The script we're using here is similar to the one in the previous example. We load the raw output from a network device and use a TextFSM template (brief.textfsm) to parse this data into a structured format.

brief.textfsm

Value Interface (\S+)
Value IPAddress (\d{1,3}.\d{1,3}.\d{1,3}.\d{1,3}|unassigned)
Value Status (administratively down|up|down)
Value Protocol (administratively down|up|down)

Start
  ^${Interface}\s+${IPAddress}\s+.+?${Status}\s+${Protocol} -> Record

The template is also similar but designed to handle a slightly more complex output. In the template, we've specified how to recognize different types of data. For example, the Interface field uses \S+ to capture any sequence of non-space characters, ensuring we get the entire interface name. The IPAddress field looks for a sequence of digits separated by dots or the word 'unassigned', capturing the IP address or its absence.
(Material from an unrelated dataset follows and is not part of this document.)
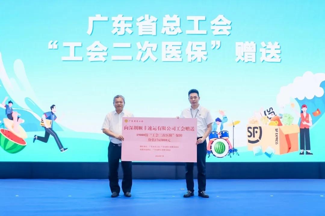活动现场,广东省职工保障互助会向顺丰工会赠送了 “工会二次医保”。据悉,“工会二次医保”即“广东省在职职工住院医疗综合互助保障计划”,是职工普遍参加的一个项目,其最大特色是职工患病住院时,除享受医保报销待遇外,医保统筹范围内个人自付部分还可以再报销两次,第一次报80%,第二次报70%,有利于缓解职工因病住院治疗导致医疗费用支出增加和收入减少带来的经济负担。
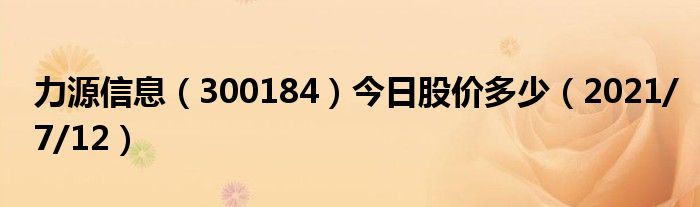 导读 大家好,小号哥来为大家解答以上问题,力源信息,300184今日股价多少,2021 7 12很多人还不知道,现在让我们一起来看看吧!

The fields for Status and Protocol are set to match specific words, including administratively down, up, and down, reflecting the various statuses an interface might have. Here is the output when you run the script.

[
    {
        "Interface": "GigabitEthernet0/0/0",
        "IPAddress": "unassigned",
        "Status": "administratively down",
        "Protocol": "down"
    },
    {
        "Interface": "GigabitEthernet0/0/1",
        "IPAddress": "unassigned",
        "Status": "administratively down",
        "Protocol": "down"
    },
    {
        "Interface": "GigabitEthernet0/0/2",
        "IPAddress": "10.10.240.145",
        "Status": "up",
        "Protocol": "up"
    },
    {
        "Interface": "GigabitEthernet0/0/3",
        "IPAddress": "unassigned",
        "Status": "administratively down",
        "Protocol": "down"
    },
    {
        "Interface": "GigabitEthernet0/0/4",
        "IPAddress": "unassigned",
        "Status": "administratively down",
        "Protocol": "down"
    },
    {
        "Interface": "Te0/1/0",
        "IPAddress": "10.10.240.10",
        "Status": "up",
        "Protocol": "up"
    },
    {
        "Interface": "Te0/1/1",
        "IPAddress": "10.10.240.12",
        "Status": "up",
        "Protocol": "up"
    },
    {
        "Interface": "Te0/1/2",
        "IPAddress": "unassigned",
        "Status": "administratively down",
        "Protocol": "down"
    },
    {
        "Interface": "GigabitEthernet0",
        "IPAddress": "unassigned",
        "Status": "administratively down",
        "Protocol": "down"
    },
    {
        "Interface": "Loopback0",
        "IPAddress": "10.10.10.10",
        "Status": "up",
        "Protocol": "up"
    },
    {
        "Interface": "Tunnel22",
        "IPAddress": "192.168.100.1",
        "Status": "up",
        "Protocol": "up"
    }
]

TextFSM Playground: Get Hands-on

To test out the TextFSM example just covered, click below:

Try It Out Live

Using TextFSM with Ansible

In the previous sections, we explored how to use TextFSM with Python to parse semi-structured data from network devices. Now, let’s see how Ansible can be used to achieve similar results. This method is particularly useful if you prefer using Ansible for network automation tasks.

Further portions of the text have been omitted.